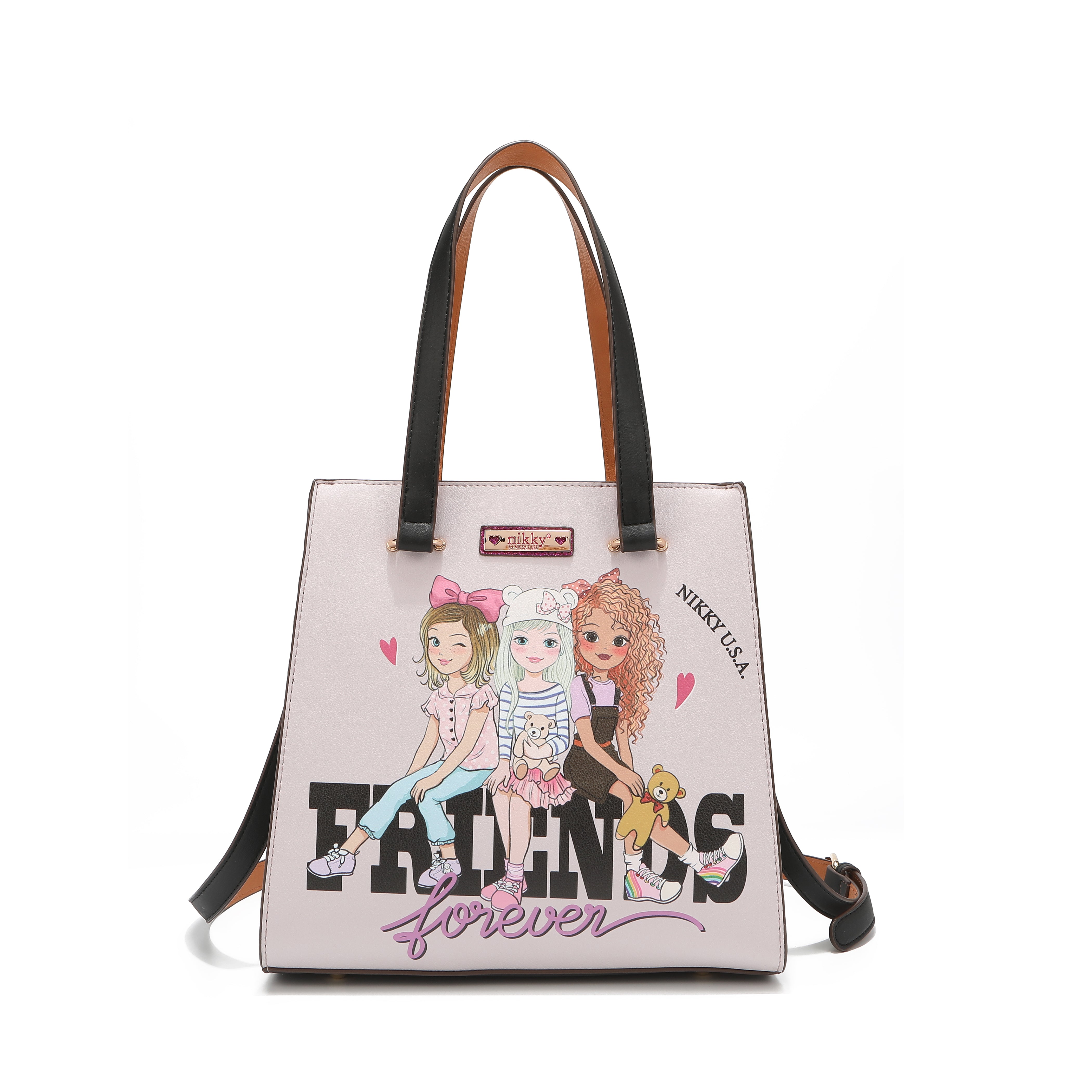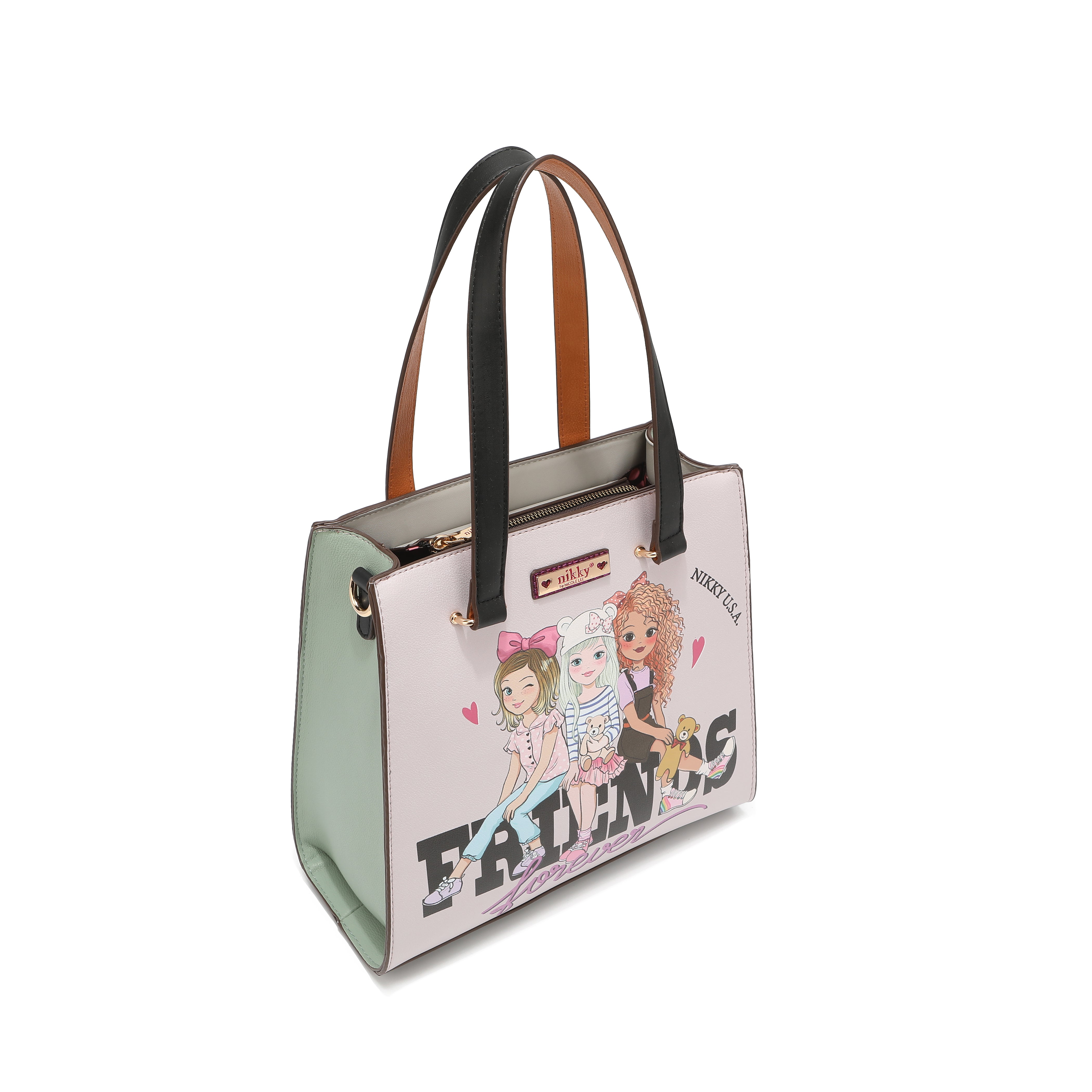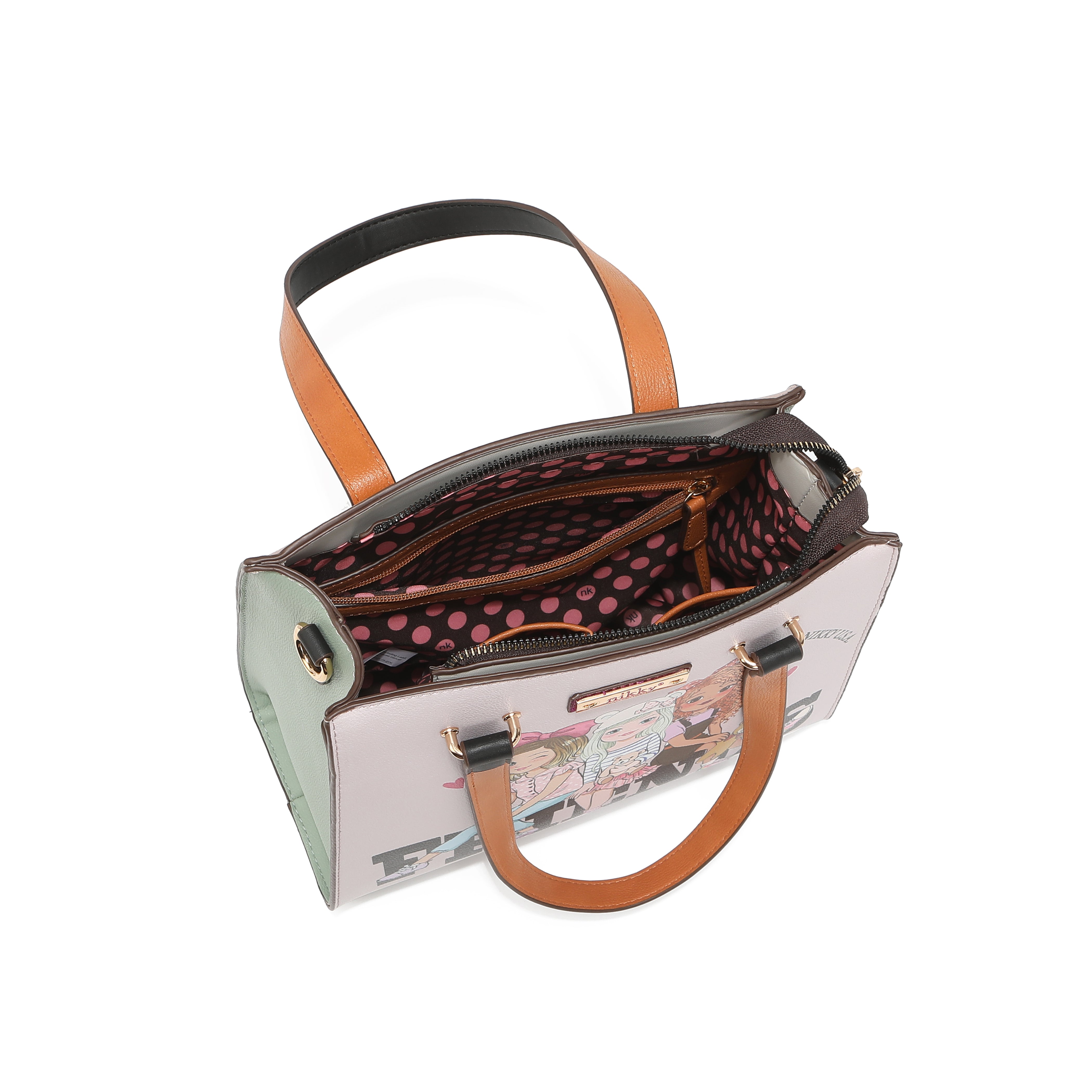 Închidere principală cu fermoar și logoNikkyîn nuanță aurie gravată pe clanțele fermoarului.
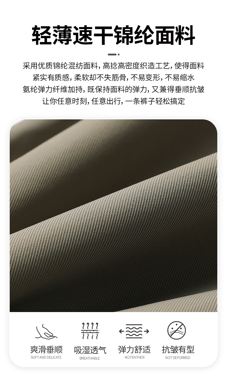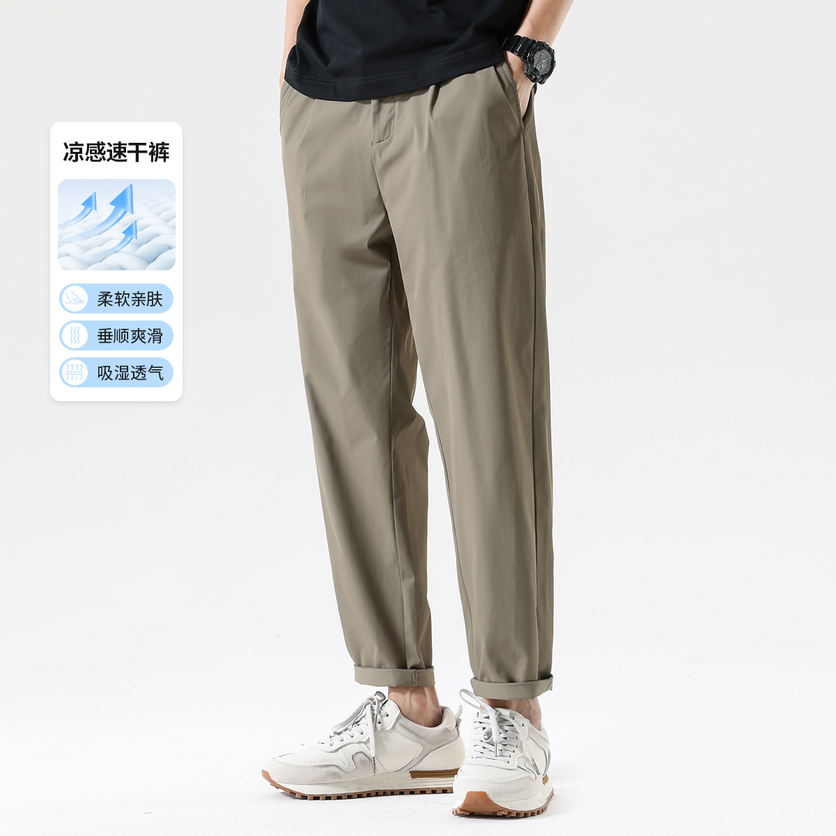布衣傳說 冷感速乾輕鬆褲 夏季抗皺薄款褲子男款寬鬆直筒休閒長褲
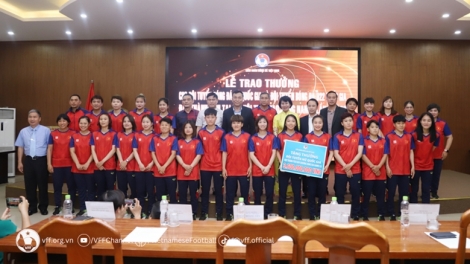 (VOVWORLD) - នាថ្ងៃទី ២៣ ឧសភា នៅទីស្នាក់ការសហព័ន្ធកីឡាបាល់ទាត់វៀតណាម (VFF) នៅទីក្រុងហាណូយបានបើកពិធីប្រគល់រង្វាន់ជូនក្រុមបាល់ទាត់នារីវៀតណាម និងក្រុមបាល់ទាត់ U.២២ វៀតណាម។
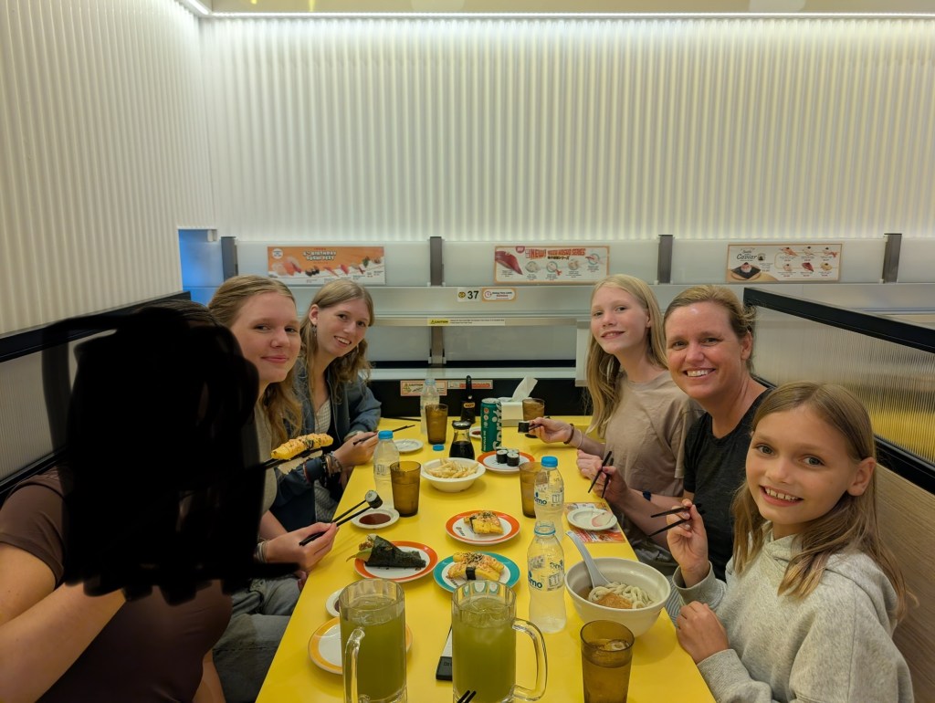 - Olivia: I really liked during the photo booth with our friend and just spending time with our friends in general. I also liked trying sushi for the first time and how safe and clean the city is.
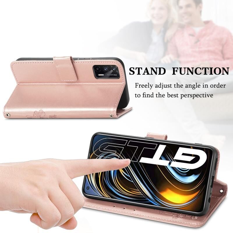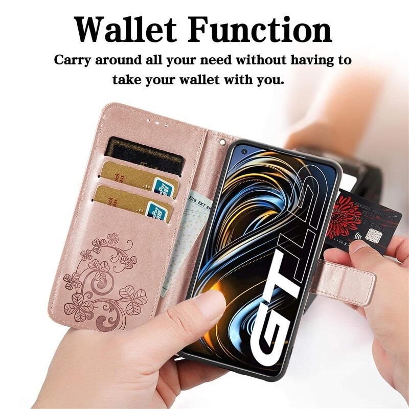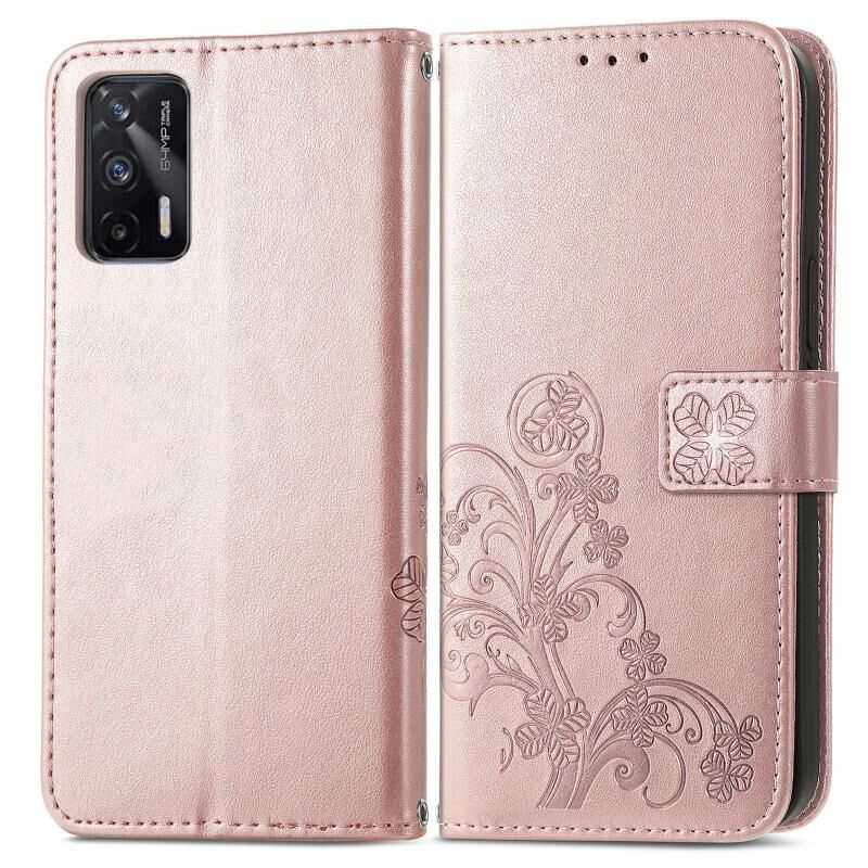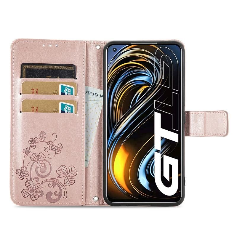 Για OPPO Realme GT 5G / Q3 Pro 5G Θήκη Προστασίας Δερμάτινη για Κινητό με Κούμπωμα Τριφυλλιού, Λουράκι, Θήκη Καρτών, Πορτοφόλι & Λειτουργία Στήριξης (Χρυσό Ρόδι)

------------------------------

◆ Exercise prompt: Leaving each picture behind, please give again exactly the lines above from the one with "布衣傳說 冷感速乾輕鬆褲 夏季抗皺薄款褲子男款寬鬆直筒休閒長褲" through the one with "(VOVWORLD) - នាថ្ងៃទី", both included, and no others.

◆ Finished task:
布衣傳說 冷感速乾輕鬆褲 夏季抗皺薄款褲子男款寬鬆直筒休閒長褲
 (VOVWORLD) - នាថ្ងៃទី ២៣ ឧសភា នៅទីស្នាក់ការសហព័ន្ធកីឡាបាល់ទាត់វៀតណាម (VFF) នៅទីក្រុងហាណូយបានបើកពិធីប្រគល់រង្វាន់ជូនក្រុមបាល់ទាត់នារីវៀតណាម និងក្រុមបាល់ទាត់ U.២២ វៀតណាម។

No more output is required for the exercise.